In this blog post, I will focus on how we at FunnelStory overcame the challenges of LLM hallucination and the need for proper debugging while working with LLM.
Let’s start with an example of asking the ChatGPT to list 5 countries that start and end with the same letter along with having it to justify the response.
None of the countries that it responded with is correct and on top of that it even provides the justification for it. You can try to reproduce this issue on GPT-3.5.
There should always be a guardrail while developing on top of the LLM model as it is not always correct and is also limited by the training data. Let’s dive into the details now.
The issue
While developing the chatbot for FunnelStory, we encountered issues where the bot provided answers with data that didn't exist in our system. Since FunnelStory and our customers rely on accurate data, this poses a critical problem - either the data could be incorrect or the bot could be hallucinating, which is unacceptable.
Example
User: What are my most active accounts?
Felix:
As seen in the example above, the response has accounts like `Account 1, Account 2...` but this is not the actual data present in our system. We pass functions to the LLM API call that it can call to get the data relevant to the user query but in this case none of the provided functions were called in order to get this data and instead the bot hallucinated and gave out the result. Upon repeating the question, the bot then provided the expected answer, listing the most active accounts based on generated activities and signals. Hence the main problem that we had is that the bot was not calling the correct functions or not calling the functions at all to get the data.
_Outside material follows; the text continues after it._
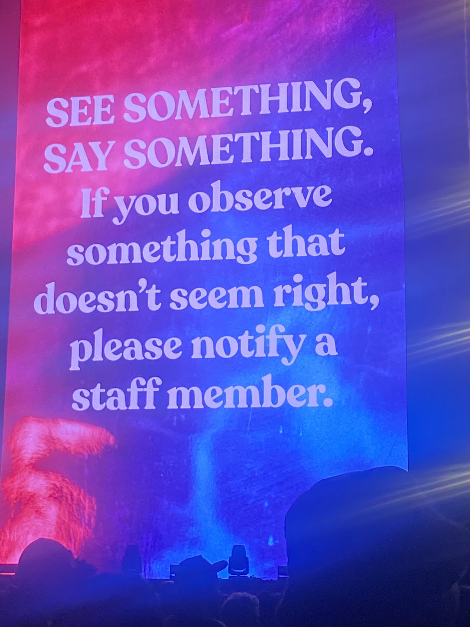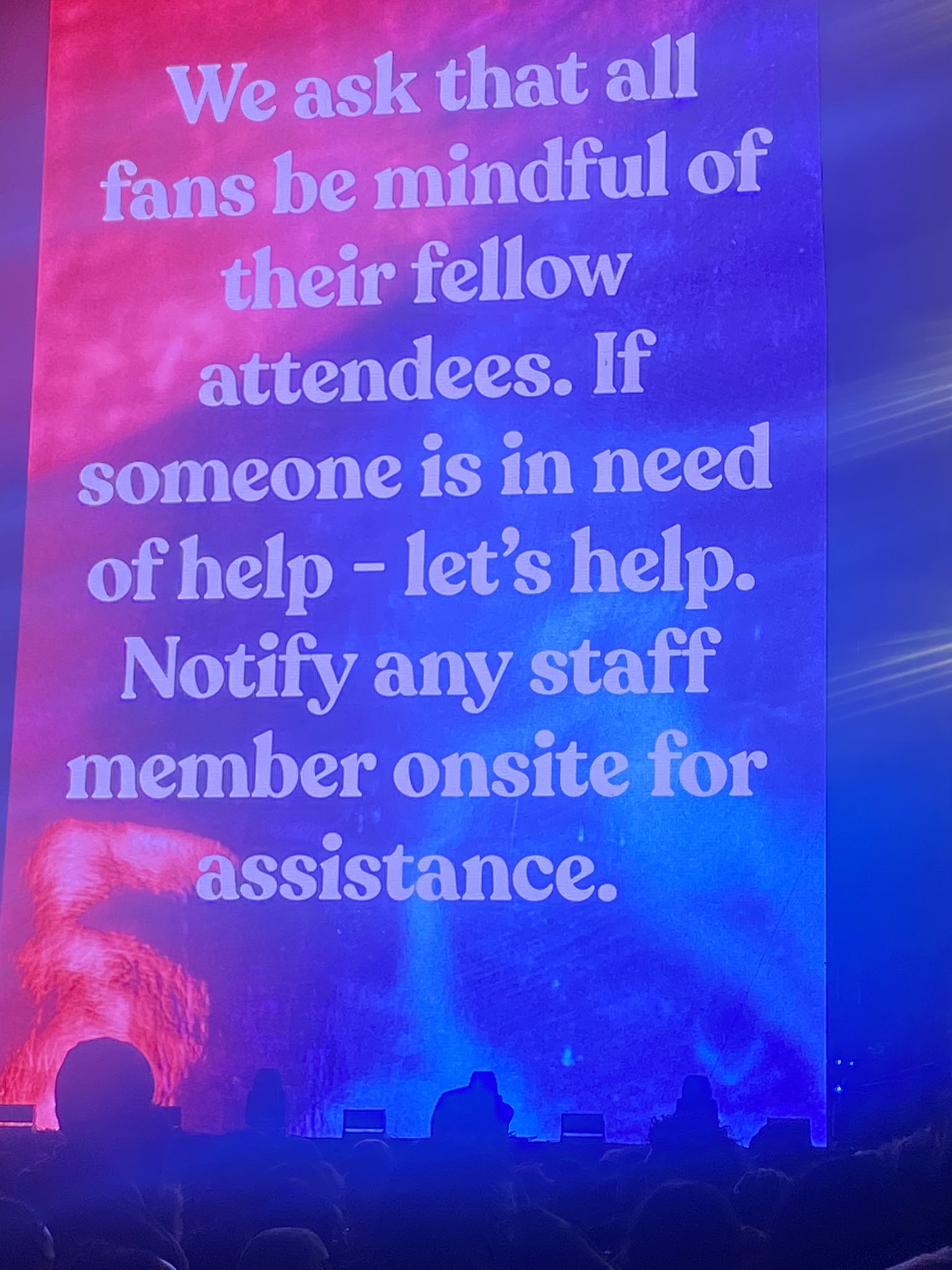 This was the calmest live music event I’ve attended. These signs flash before every set:
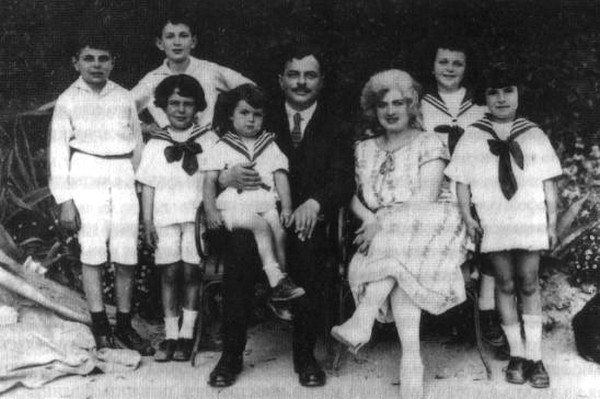 Александр Ажид с женой и детьми в саду «Эрмитаж». В первом ряду (слева направо): Андре, Жорж, Роже на коленях отца, Эстер и Сюзанна; во втором ряду — Рене и Лилиан.

Reduce LLM hallucination while maintaining the accuracy
In this section, we'll discuss the various changes made to improve hallucinations and enhance our chatbot's accuracy in aligning with the system's data.
System Prompts
System prompts are messages passed to the chatbot with the 'system' role. They outline what the bot can and cannot do, specify response formatting, and provide additional platform context.
At FunnelStory, these prompts include details on permissible bot responses to prevent internal information leaks, enforced with code checks as a safeguard.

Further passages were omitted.